Wednesday, September 02, 2015

Maths class


Gawd bless the good eggs at Idiot King. Not only have they brought a taster of the forthcoming weekend’s ArcTanGent festival to Oxford for the benefit of those of us distraught at missing out on the likes of Deafheaven, Deerhoof and Blanck Mass, but they’ve done so in aid of Macmillan Cancer Support.

Heading back to Bristol for a second consecutive year are 100 Onces, who kick the evening off with the sort of set that screams “Follow THIS!”. At first the duo come across like fellow LA natives No Age if they’d not skipped so much school to smoke pot, but later a discernible affection for the technicalities of thrash metal edges in. No bad thing, I assure you. When guitarist Barrett Tuttobene declares that it’s time to get serious and there should be no laughing or smiling, he’s fighting a losing battle.

If their name alone isn’t enough to recommend Alpha Male Tea Party (and let’s face it, it bloody well should be), then how’s about song titles like ‘I Haven’t Had A Lunch Break Since Windows Vista Came Out’? Revelling in the luxury of having both a sound engineer and a hotel for the night, the band may not need to worry about day jobs for much longer. They’re at their best when most uncompromising – a shame, then, that their thuggish, stomping instrumentals start to take unnecessary detours into the drearily epic with increasing frequency.

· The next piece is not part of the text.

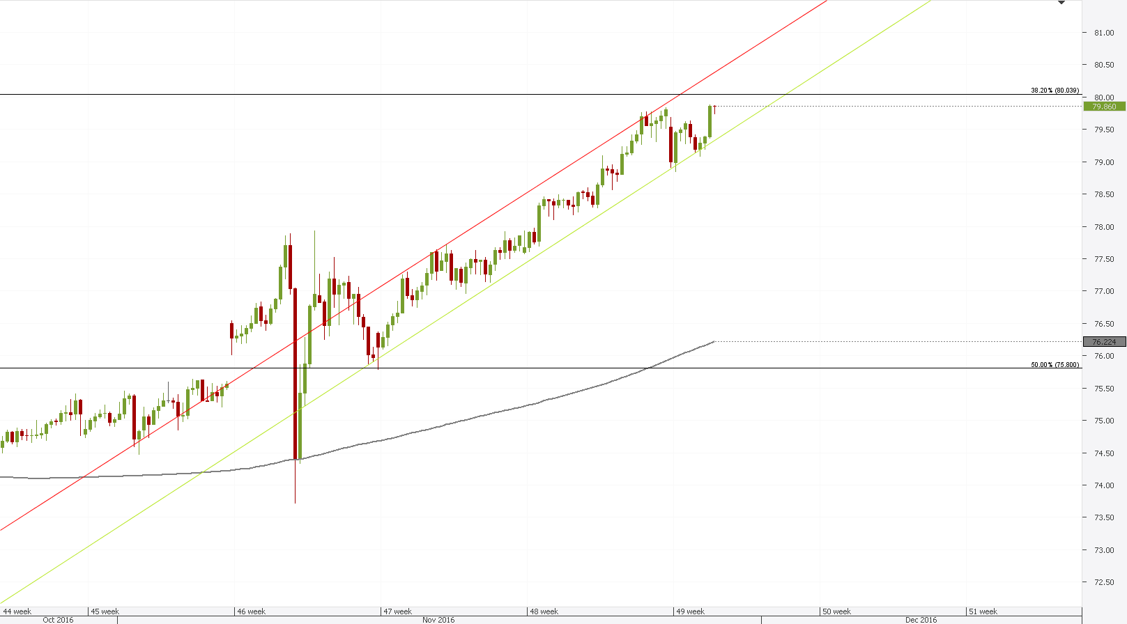 The New Zealand Dollar trades against the Japanese Yen in an unclear manner on a larger scale. It is clear that there is an ascending channel in the short term, but no larger pattern. However, after extensive search the reason was found. The pair trades between the Fibonacci retracement levels, which can be measured by connecting the 2012 low and 2014 high levels. The ascending channel pattern is a representation of the rates rebound against the 50.00% Fibonacci retracement level at 75.80 in the aftermath of the US presidential election, when the pair bounced around the retracement level. Most recently the rate approached the 38.20% level, and it is likely to break through the just mentioned level.

Headliners Tangled Hair, meanwhile, should dispense with the vocals. Actually, they should arguably dispense with the guitar and bass too. The stupendously talented James Trood, who also drums for former Colour bandmate George Reid in AlunaGeorge, is the undisputed star of the show. Little wonder that not one but two of his drumsticks feel so overworked as to give up the ghost, splintering and snapping mid-song.

Collectively, Tangled Hair’s set is like being taught maths by a really cool supply teacher wearing a Dismemberment Plan T-shirt – ultimately, it’s still a maths lesson. This is music that, in its audacious time signatures and self-conscious complexity, is very easy to admire but rather harder to actually love.

(This review first appeared in the September issue of Nightshift.)